As promised, I thought that I would give you my further thoughts in relation to the Additional Dwelling Supplement. As readers of my blogs know, I am against this supplement as I feel 1) it will cause a manipulation of the market, 2) there will be unintended consequences and 3) it will put a brake on property investors buying certain properties which will have a blocking effect on the housing market, rather than the freeing up that was intended. I will answer these points in order:-
- Manipulation of the Market – I can confirm from personal experience, and also from speaking to other property lawyers, that there was a massive increase in the number of property investors purchasing investment properties in February and March of this year, prior to the introduction of the surcharge. In my own local area of Dundee and Angus there was a 45% increase in the number of flats sold in March. I have also been acting for a number of clients across Scotland and had to deal with rapidly increasing prices and competitive situations.
- Unintended Consequences – Clients may want to assist a child in buying a property and the only option may be to incorporate themselves onto the Title – this will now carry an extra 3% charge. Similarly, a separating couple where the person leaving the matrimonial home needs to buy another property will now incur the 3% charge. The unfairness of the system seems very clear to me.
- Blocking of the Housing Market – The surcharge was intended to price property investors out of the market to make it easier for first time buyers but in my experience, investors are generally not purchasing the types of properties that would be of interest to first time buyers. All that’s happened is there’s now a swathe of sellers who no longer have the property investors looking at their property or if they do, the investor has factored in the 3% charge. This is perhaps not true in all cases as there will be some instances where it will be easier for first time buyers to step on the ladder because they are not competing with property investors, but I would suggest that this will be by far the minority of cases. A drying up of the supply of rented properties will increase rents meaning it will be harder for people to save the requisite deposit to allow them on the property ladder. I would hope that the Government would use some of the 3% surcharge to fund a scheme to assist first time buyers gain access to 95% loan to value mortgages, thus minimising their deposit to 5%.
I was also very interested to read an article by Phillip Aldrick in The Times on Saturday 23rd April. The article was based on the introduction of a Land Bank Tax – a stick to encourage developers to begin developing properties to feed into the market. This would have the benefit of alleviating the shortage of houses throughout the UK and would also help control prices, which continue to soar due to lack of supply. I would agree with this policy.
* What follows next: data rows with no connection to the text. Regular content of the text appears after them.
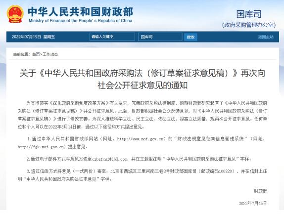 ?圖:財政部國庫司發(fā)布關于《中華人民共和國政府采購法(修訂草案征求意見稿)》
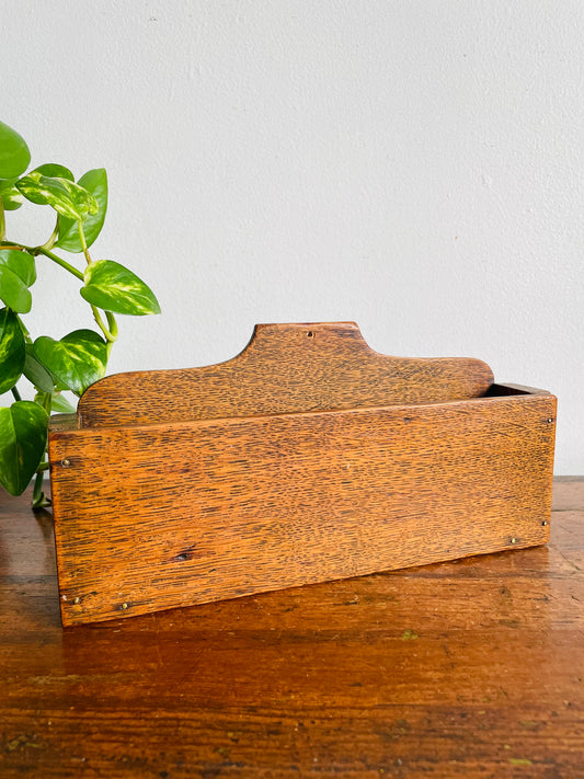 Vintage Wood Wall Pocket - Can Stand or Hang - Letter Holder or Other Storage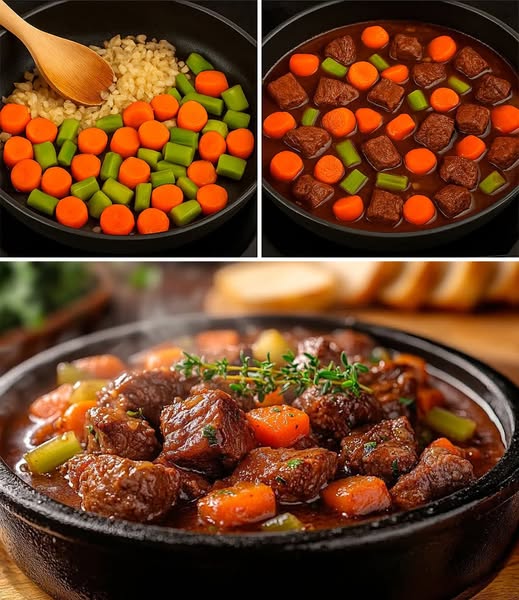 5. Cocina el estofado a fuego lento durante 1.5 a 2 horas, o hasta que la carne esté tierna. Añade las zanahorias y el apio durante los últimos 30 minutos de cocción.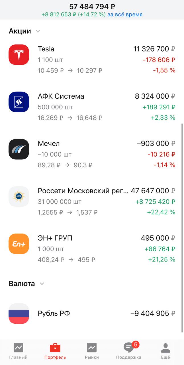 Завел 4 млн рублей в Т-Банк хотел поскупать акции Tesla, но на БСП неликвид, собрал чуть больше 100.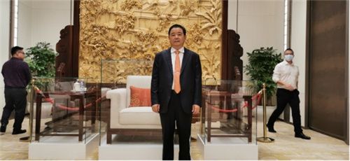 ▲ 仁豪家居董事长尤国忠先生与仁豪打造的“彩云追月”主题主席国椅

He concluded:-
“Taxes are not just about revenues, they can be used to change behaviour. Get a Land Bank policy right and it might not raise a penny but it could turn Britain’s dream of more houses into reality”.
In conclusion, I would urge the Government to rethink the Additional Dwelling Surcharge, introduce a Land Bank Tax and also change the Capital Gains Tax policies in relation to properties, using the extra funds raised to create a first time buyer fund.